At first, in the early days, this was on questions about what would be the effects on the looming pandemic of closing schools, and now twice we’ve been through supplying the advice on reopening schools and universities – where there really are no easy answers. The safety of educational settings during this pandemic

has often been a long way from clear, and the role of schools and universities in wider transmission risk to community is tangled up with so many other moving parts. And meanwhile we know there have been immense harms caused by school closure and educational disruption to our children and our young people. On these and many subjects, the scientists called upon to serve have been asked to address impossible questions. And it has been our duty to respond as best we can.

I am more at home in a maths department coffee room than a department of health meeting room. I have some sense of how to function in an academic world, but not so much in that of government. Needless to say, this disorientation and being faced with seemingly impossible asks have again brought out the imposter syndrome loud and clear. The difference this time is that I know that I can function despite it, and that I can acknowledge that it is there. And maybe it also has its uses in this high pressure situation – as a reminder that I can’t personally solve everything here and it would be lunacy to expect that of myself or of anyone else. But I can focus my efforts on the specific thing I am working on at any given time and do my best there, and keep sight of why I am doing this.
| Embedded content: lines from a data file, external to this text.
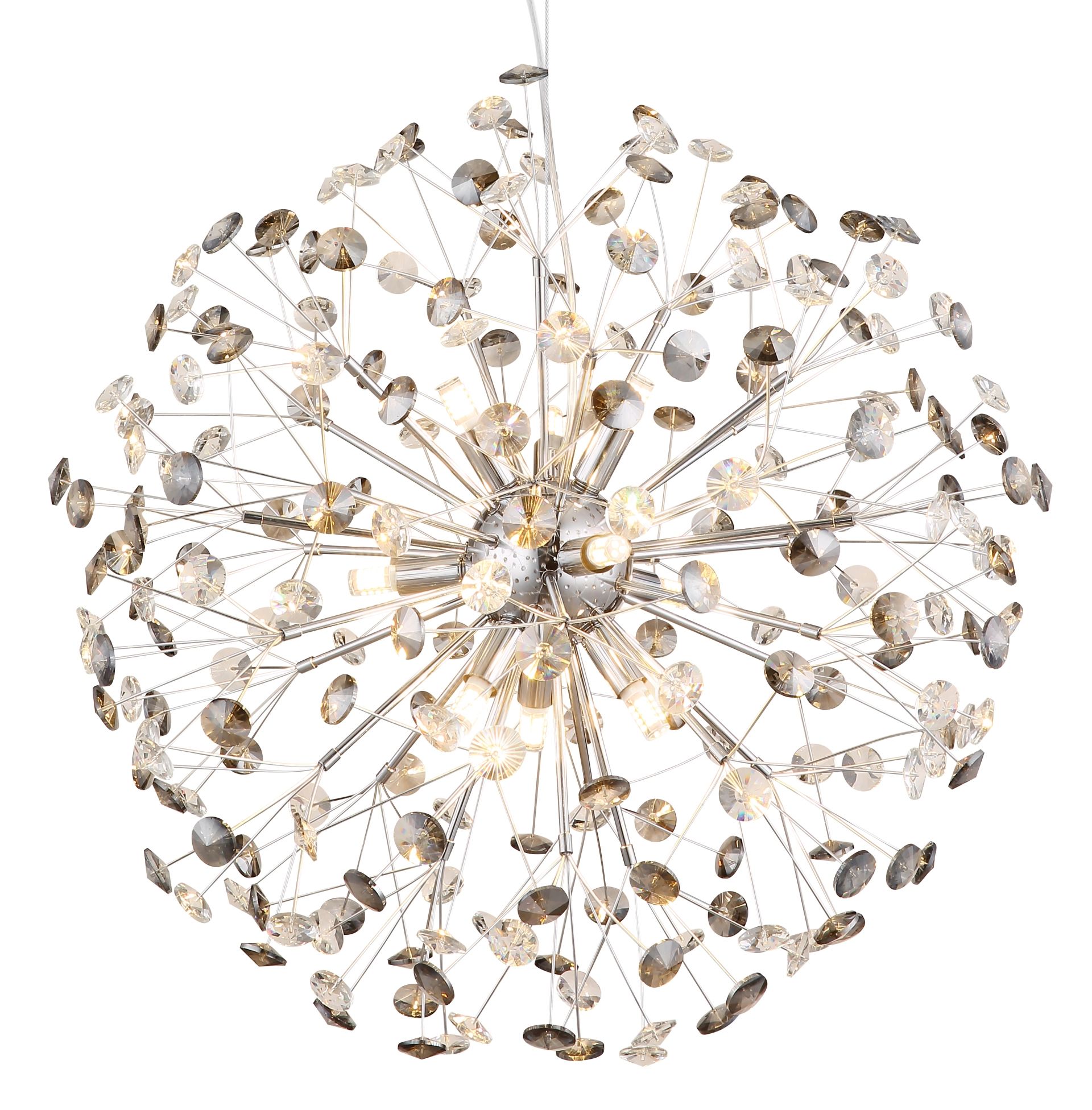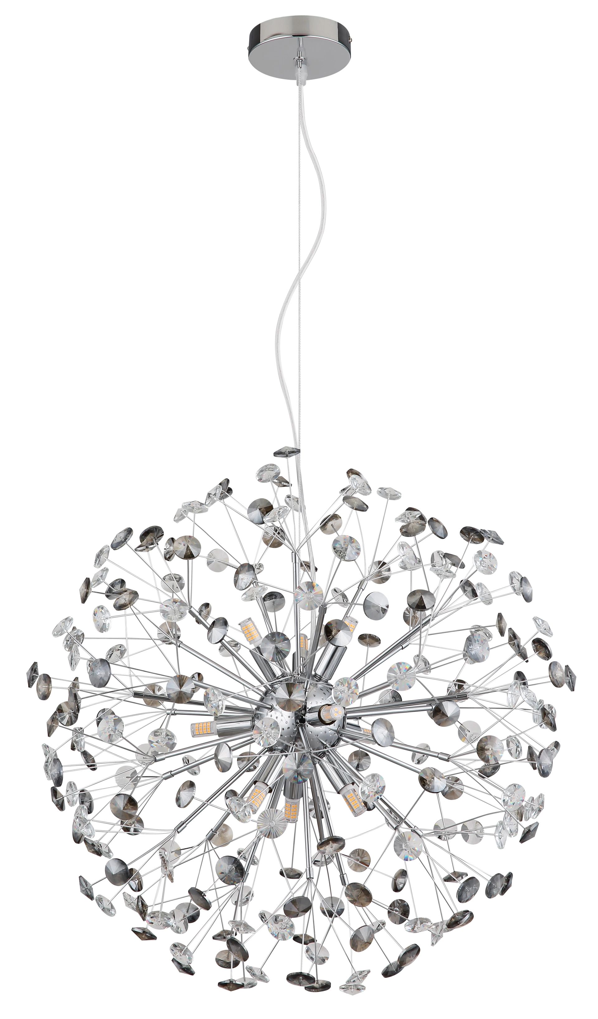 Der elegante Kronleuchter “KATRINA” verkörpert die perfekte Mischung aus klassischem Design und modernem Flair. Mit seinem runden Metallkörper, veredelt in Chrom, und den wunderschönen, kugelförmigen Lampenschirmen aus K9-Kristall in einer raffinierten Rauch- und klaren Nuance verleiht diese Lampe jedem Raum eine luxuriöse Ausstrahlung. Die “KATRINA” ist mit neun G9 LED-Lampen ausgestattet, die eine warme Lichtfarbe von 3000K und eine Lichtausbeute von 350 Lumen bieten. Dies sorgt für eine gemütliche und einladende Atmosphäre in Ihrem Interieur.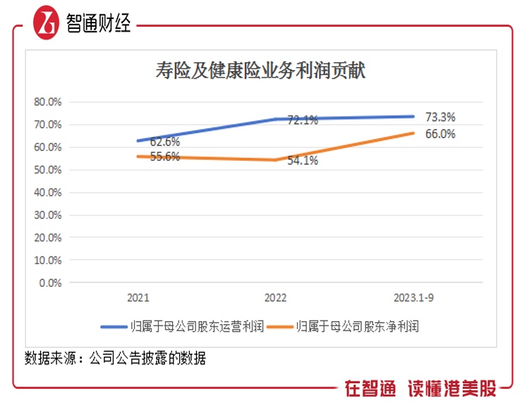 该公司强大的医疗健康生态圈系统,对金融主业的赋能效果显著,截至2023年9月,有近64%的客户同时使用了医疗健康生态圈提供的服务,客均合同数约3.42个及客均AUM约5.61万元,分别为不使用医疗健康生态圈服务的个人客户的1.6倍及3.4倍。在第三季度,其在北京探索试点“保险+医疗”模式,未来大概率也将在其他城市试行。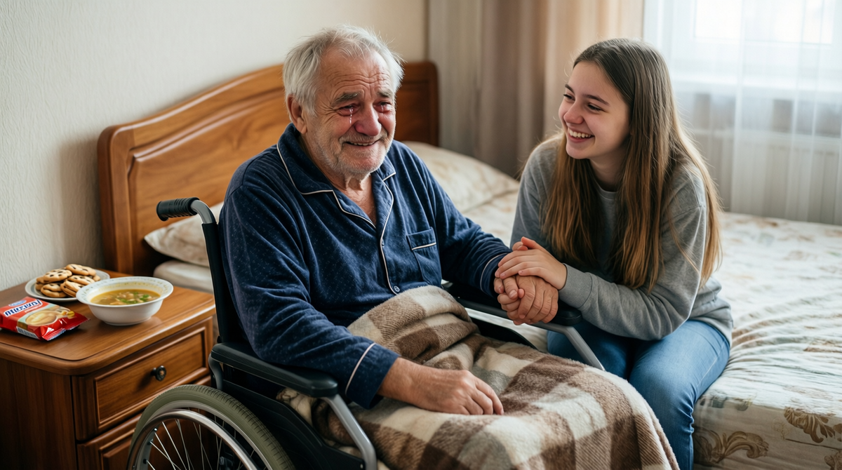 — Проснулся, дедуль? — Юля села на край кровати, где лежал дедушка. — Ну вот и хорошо. Давай я помогу тебе сесть. Сейчас будем есть суп.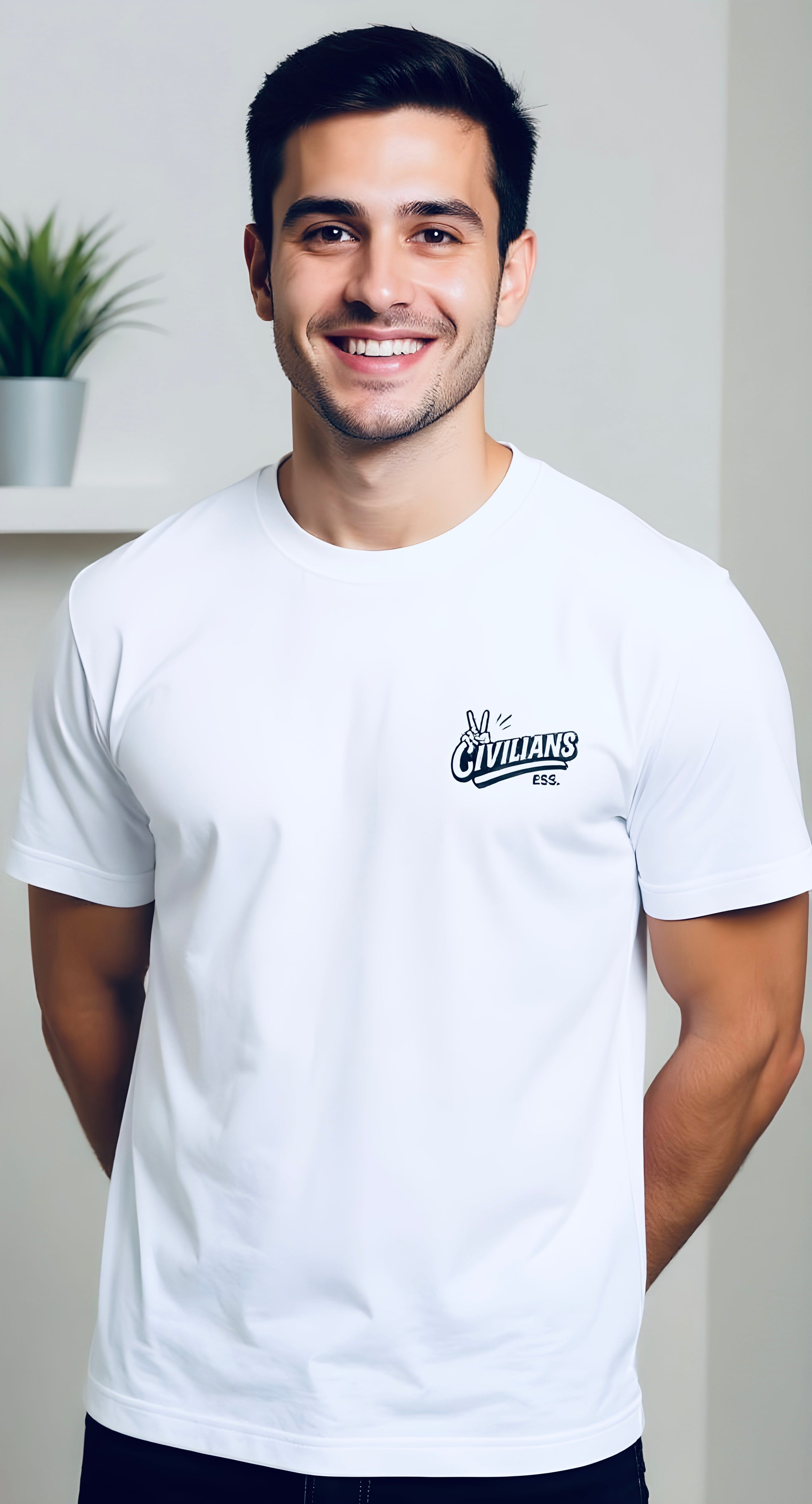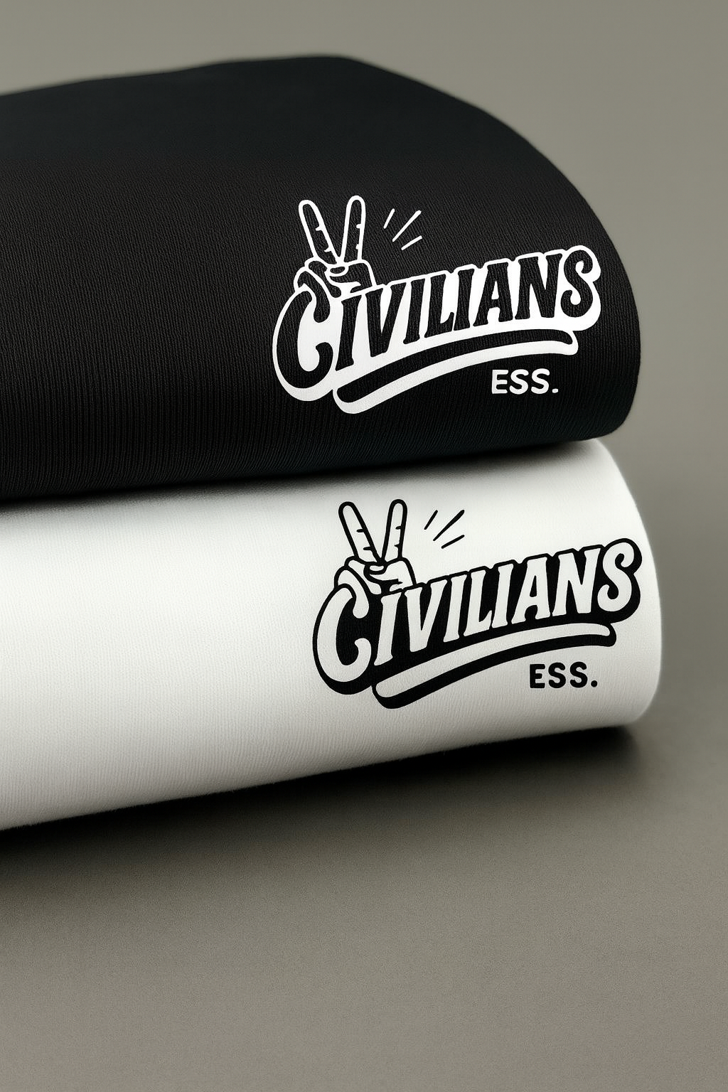 Front: Clean And minimal with the Civilians ESS logo + peace sign hand graphic.

This service is something that I know that I owe. I have been given amazing opportunities up to now, including at Trinity. Indeed, my path from mathematics to pandemics is very much a Trinity story. It is one I will happily bore anyone in detail with over a drink when we can meet in person – it involves a series of unlikely events, including reading the wrong pages of a textbook whilst I was a Part III student. After I had finished Part III, for once I knew clearly what I wanted to do: move to the Department of Zoology for my PhD, where there was a research group modelling infectious disease. Cutting to the chase, it was Trinity College that stepped in to make this happen, again changing my trajectory forever: Trinity funded my PhD through an Internal Graduate Studentship. I will be grateful for this throughout my career. Thanks Trinity!

My PhD years were wonderful indeed, with freedom to rove happily through ideas across the disciplines before finding my niche in modelling influenza dynamics and evolution. And I continued to enjoy being part of Trinity ‒ then among the graduate community, the BA Society.

I know many Trinity members are now on the front line of this pandemic in the UK and far beyond. I am so grateful for what they do, and I know you will all be joining me in wishing them continued strength for whatever is yet to come.